A mentoria de negócios tem origem no manifesto de mentor escrito por David Cohen e Brad Feld, fundadores da TechStars em 2011. São 18 axiomas, todos muito importantes dentro de um processo de mentoria, mas identifico o primeiro axioma como sendo o mais importante de todos, a saber, seja socrático. A metodologia empregada pelo(a) mentor(a) de negócios entrega valor com o uso da maiêutica [caminhos que devem ser seguidos para descobrir o conhecimento], em uma conversa dialógica, deve levar o(a) empreendedor(a) a reflexões e pensamentos sobre o estágio atual e futuro de seu negócio.

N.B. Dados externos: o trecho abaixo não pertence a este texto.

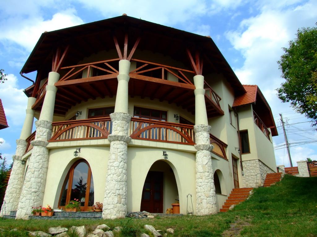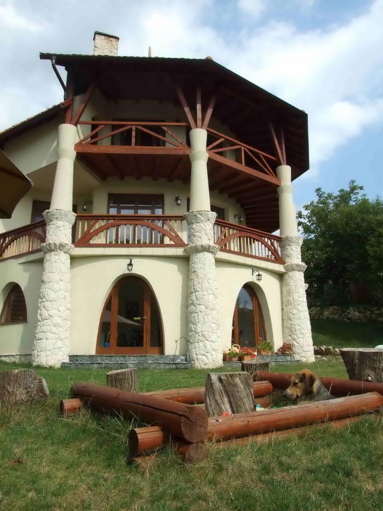 helyezete teszi sajátossá és a padlásteret megvilágitó nyújtott trapéz alakú ,vissaugró falrészbe helyezett ablak.A ház belső térelosztása a közlekedő vizszintes valamint a nappali központi oszlopának függőleges tengelyére szervezett ami meglehetősen tömör kifejezést kölcsönöz a háznak ezt hansúlyozzák a sudarasodó vistai kővel burkolt oszlopok is. A terasz körbefut több szinten a nappali illetve a társalgó tengelye körül , a kitáruló völgy, a látvány szerves részévé válik.A hatalmas kert nem kis erőfeszitéssel Dávid Zoltán kertész munkájával szelidült barátságos pihenő, játszó -térré.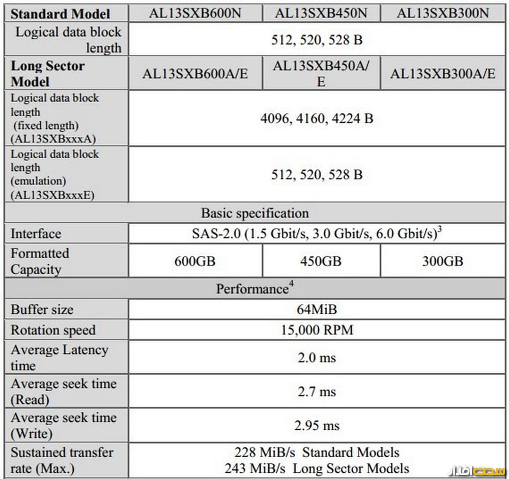 توشیبا به عنوان یکی از تولید کنندگان تجهیزات ذخیره سازی، در نظر دارد تا هارد دیسک های جدیدی با سرعت 15000 دور در دقیقه تولید کند. هارد دیسک های سری AL13SX توشیبا با ضخامت تنها 1.5 سانتی متر، در سه ظرفیت 300، 450 و 600 گیگابایت تولید خواهند گردید. توشیبا موفق به قرار دادن 512 سکتور در هارد دیسک 600 گیگابایتی و در استاندارد 2.5 اینچ گردیده که پیش از این تنها در هارد دیسک های 3.5 اینچی با ظرفیت 1 ترابایت مورد استفاده قرار می گرفت.

Atualmente, participamos de uma associação de mentores, entre muitas que há no mercado, que proclama em seu blog, que a mentoria de negócios é em síntese um processo composto por Mentores que devem ter o seguinte perfil;

  1. O mentor de negócios deve ter conhecimentos em negócios, nas suas mais variadas fases [ideação, validação, tração e maturidade], em seus mias variados segmentos [indústria, comércio, varejo etc.] e em seus mais variados tamanhos e nichos [StartUps, micro, pequena, média e grande empresa].
  2. O mentor de negócios tem forte networking, para ajudar ao Empreendedor com conexões de valor que o auxiliem a alavancar o negócio.
  3. E por último, mas não menos importante, um método para condução da sessão de mentoria. Uma sessão que usa e aplica uma metodologia, no caso, a socrática [vide o parágrafo acima “A nova miopia de marketing”]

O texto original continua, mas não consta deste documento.